J Cancer 2018; 9(14):2571-2579. doi:10.7150/jca.24824
Prognostic and Clinicopathological Value of Rac1 in Cancer Survival: Evidence from a Meta-Analysis
1. Department of oral and maxillofacial surgery, Xuzhou Stomatological Hospital, 130 Huaihai Road, Xuzhou, Jiangsu 221002, China
2. Jiangsu Key Laboratory of Oral Diseases, Nanjing Medical University, 136 Hanzhong Road, Nanjing, Jiangsu 210029, China
*Shu Lou and Penglai Wang have contributed equally to this work.
Purpose: The role of Rac1 in cancer survival has been widely studied. However, the prognostic and clinicopathological value of Rac1 remains inconclusive. We performed a meta-analysis to clarify the role of Rac1 in cancer survival as well as its association with clinicopathological features.
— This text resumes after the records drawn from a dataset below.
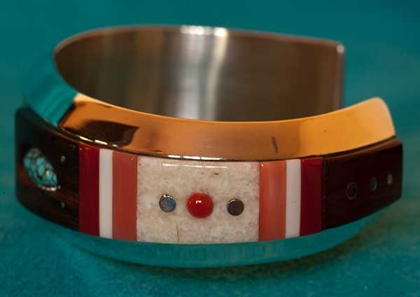 Native American Turquoise coral Fossil Ivory Bracelet jewelry by Richard Tsosie
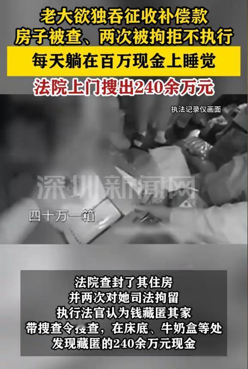“太贪心了!”上海,女子偷偷拿了父母的拆迁补偿款280万元,母亲知道后起诉女子还钱,但直到母亲去世,女子都没还钱。后女子的5个弟弟妹妹要求分割这笔拆迁款,但女子却找各种借口称钱花光了。执行法官见女子始终不履行义务,于是强行上门执行,这下女子慌了。(来源:深圳新闻网) 据悉,女子郑某家里共有6个兄弟姐妹,郑某是老大。2016年,郑某的父亲去世,而在父亲去世前,一直都是郑某在家照顾,所以她的户口落在了父母位于虹口区海宁路的老房子里。在父亲去世后,户口本上只有郑某和母亲的名字。 2019年6月份,这套老宅子被征收了,经过一番协商,补偿款共计280余万元还能分到福利房。 之后郑某选择了福利房。然而在领取补偿款时,郑某并未告知老母亲,偷偷把这280余万元全给转到了丈夫的银行账户内,然后再逐步换成现金藏了起来。 老母亲得知此事后,气不打一处来,她要求郑某把钱拿出来,因为还有5个弟弟妹妹要分,但郑某却不肯拿一分钱出来,称自己照顾父母这么多年,这是自己该得的。 见郑某不肯把钱拿出来,老母亲只得委托专业人士将郑某告上了法院。 法院经审理后认为,郑某的户口虽然在老宅子里,但这个补偿款并不是给郑某一人的,而且郑某已经取得了福利分房,所以这280万元应当归老母亲所有。 因此,法院判决郑某应当返还老母亲这280万元补偿款。 万万没想到,法院的判决结果出来有1年多了,郑某一直没有把钱拿出来,只要问了她,就是说把钱拿去理财亏完了,或者花光了。 2021年,老母亲直到去世,也没见到那280万元的补偿款。 郑某的5个弟弟妹妹早就知道了此事,但当时碍于老母亲在世,所以没和郑某闹僵,但现在老母亲去世了,他们便联合起来要求郑某把钱交出来。 之后,5个弟弟妹妹将郑某告上了法院,要求继承这280多万元遗产。 由于郑某的父母没有留下遗嘱,那么这笔遗产则需要按照法定继承来处理,而郑某等6个兄弟姐妹作为子女,自然可以继承这笔遗产。 法院最终判决郑某应当支付5个弟弟妹妹共计240万余元,可判决虽然生效了,但郑某还是拒绝支付。 无奈之下,5个弟弟妹妹只得申请强制执行。可郑某仍然没当回事,认为法院不会来强的,自己只要守口如瓶,法院就不能拿她怎么样。 即便法院两次对郑某实施了司法拘留措施,还查封了郑某的房子,郑某都没有交代钱的下落。 后执行法官持搜查令强行进入郑某家中搜查,这下郑某慌了。可还没等她有所行动,执行法官就从郑某的床底下,以及牛奶盒中找到了100多万元的现金。 但是总共执行的是240万元,还有140万的空缺。执行法官询问郑某其他钱藏哪了,郑某却还是不承认藏了钱,只说其他的都花完了。 不过,执行法官并未听信郑某的说辞,最终在其家里的各个角落找到了其余的现金,足足有240多万元。但即便如此,郑某还在说谎,称这些钱是自己一家人的积蓄。 其实面对郑某这种顽固分子,法院只是对其实施司法拘留已经是十分客气的了。 在5个弟弟妹妹起诉之前,老母亲就起诉过郑某还钱,而郑某在法院判决还钱后仍拒不还钱,这就已经违法了。 而且在法院因郑某拒不履行生效判决后,对其实施了两次司法拘留,且查封了房产,仍然不肯还钱,这就表明了一种态度,不想履行法院的判决,视法院判决如无物。 既然如此,对于郑某的这种行为就可以上升到刑事处罚了。 《刑法》第313条规定,对人民法院的判决、裁定有能力执行而拒不执行,情节严重的,处3年以下有期徒刑、拘役或者罚金;情节特别严重的,处3~7年有期徒刑,并处罚金。 这里的情节严重的情形,一般是指具有拒绝报告或者虚假报告财产情况、违反人民法院限制高消费及有关消费令等拒不执行行为,经采取罚款或者拘留等强制措施后仍拒不执行的。 其实正是因为有郑某这种人,所以才会出现执行难、执行复杂的问题。 后在执行法官的强制手段下,郑某只得眼睁睁看着执行法官把这240万元现金都拿走了。不过,郑某还是提出希望看在她照顾父母多年的份上,减免一些本金和利息。 最终,5个弟弟妹妹同意了郑某的请求,只需要郑某返还230万余元即可。 最后,郑某作为家里的老大,做事情应该有个好的表率,可她却把贪得无厌展现得如此淋漓尽致。就算郑某照顾了父母多年,那她可以申请多分遗产,而不是侵吞全部遗产。 对此,您怎么看?欢迎留言交流。
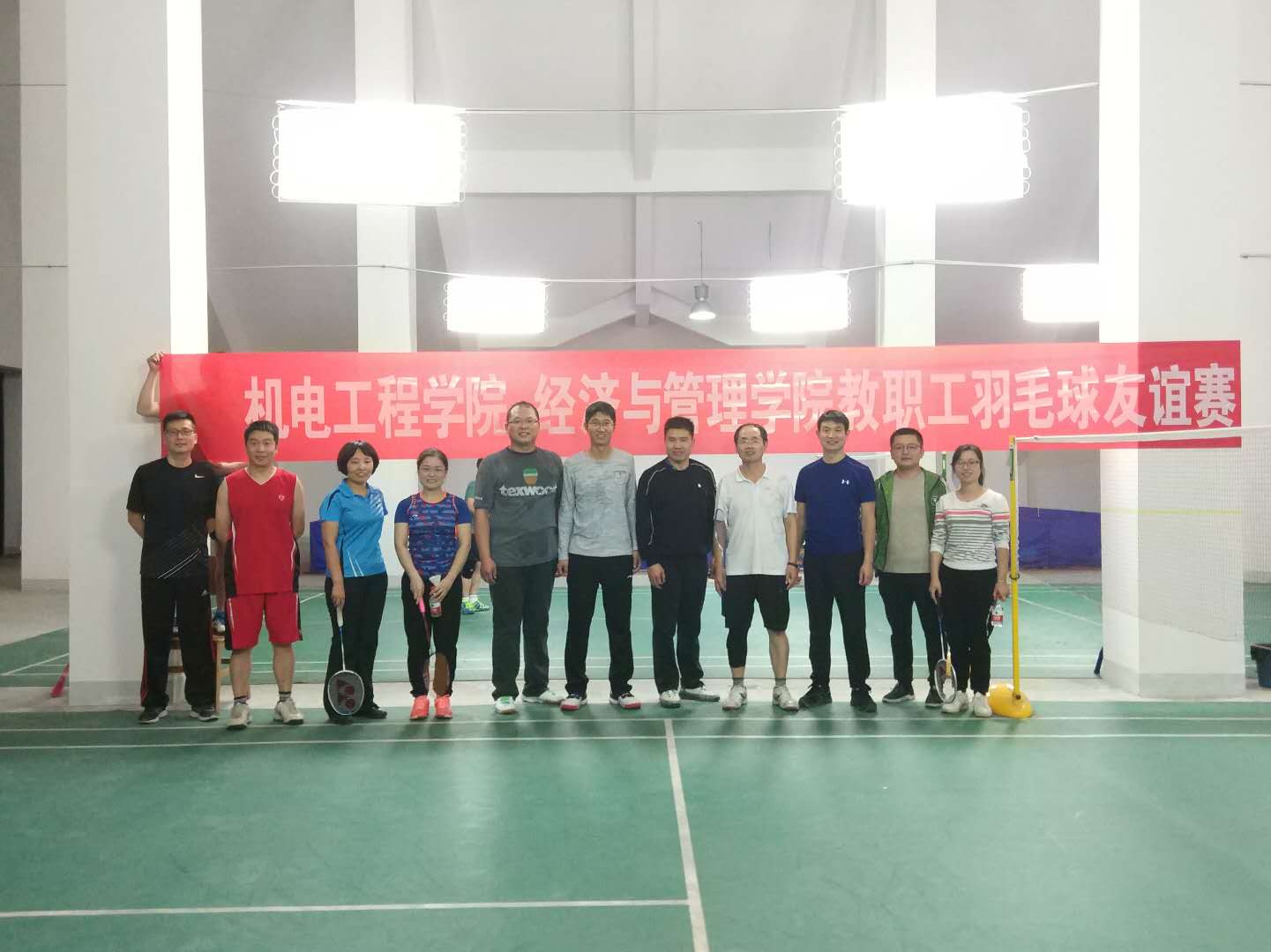 教职工代表在院党委书记李世欣的带领下,应邀与经济管理院教职工羽毛球队在龙子湖校区教学楼E座五楼羽毛球场举行羽毛球友谊赛。
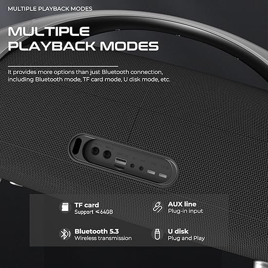 Connectivity Options Bluetooth, AUX, USB, TF Card, Guitar Input, Wireless Microphone
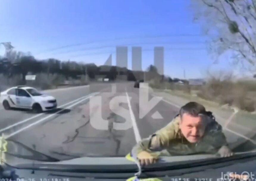Військовослужбовець, який перебував поруч, намагався зупинити транспортний засіб, однак через різке прискорення опинився на капоті. Чоловіка протягнуло дорогою, доки автомобіль не зупинили правоохоронці.
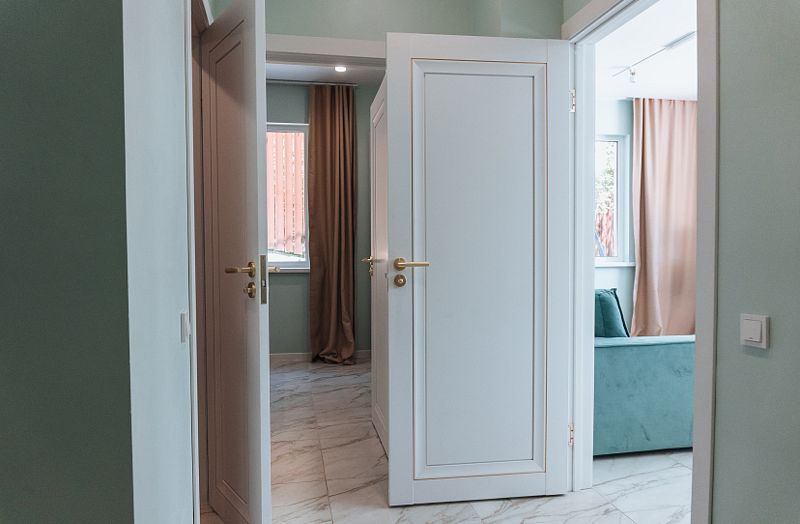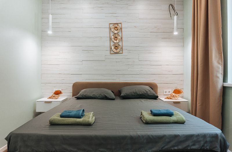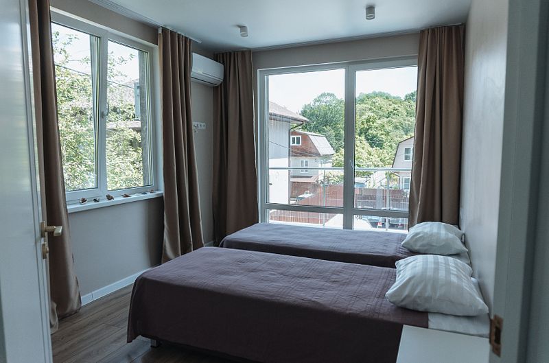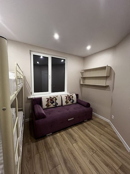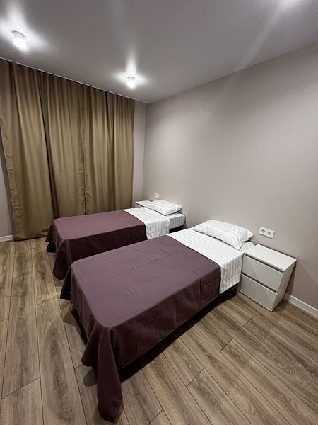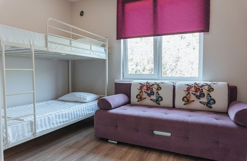 В 2 спальнях двуспальные кровати 180 и 160 см, в другой спальне 2 кровати спринг боксы, еще в другой — диван и двухъярусная кровать.

Methods: Eligible studies were searched from PubMed, Cochrane Library, Embase, and Web of Science databases. The pooled hazard ratios (HRs) and odds ratios (ORs) with corresponding 95% confidence intervals (CIs) were used to detect the prognostic and clinicopathological role of Rac1.
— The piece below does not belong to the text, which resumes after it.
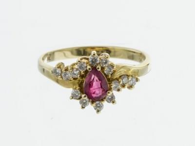 3136. Bague sertie d'un rubis taille poire entouré de diamants

Results: A total of 14 studies including 1793 patients were enrolled in the present meta-analysis. Pooled HR for overall survival (OS) (HR=2.02, 95% CI: 1.70-2.39) and disease-free survival (DFS) (HR=2.64, 95% CI: 1.71-4.09) indicated a significant poor prognostic effect for Rac1. Positive Rac1 expression was found to be correlated with tumor stage, blood vessel invasion, and lymph metastasis, but not with histological differentiation. Sensitivity test showed no single study altered OS or DFS significantly. No publication bias was detected by Egger's test and Begg's funnel plot test.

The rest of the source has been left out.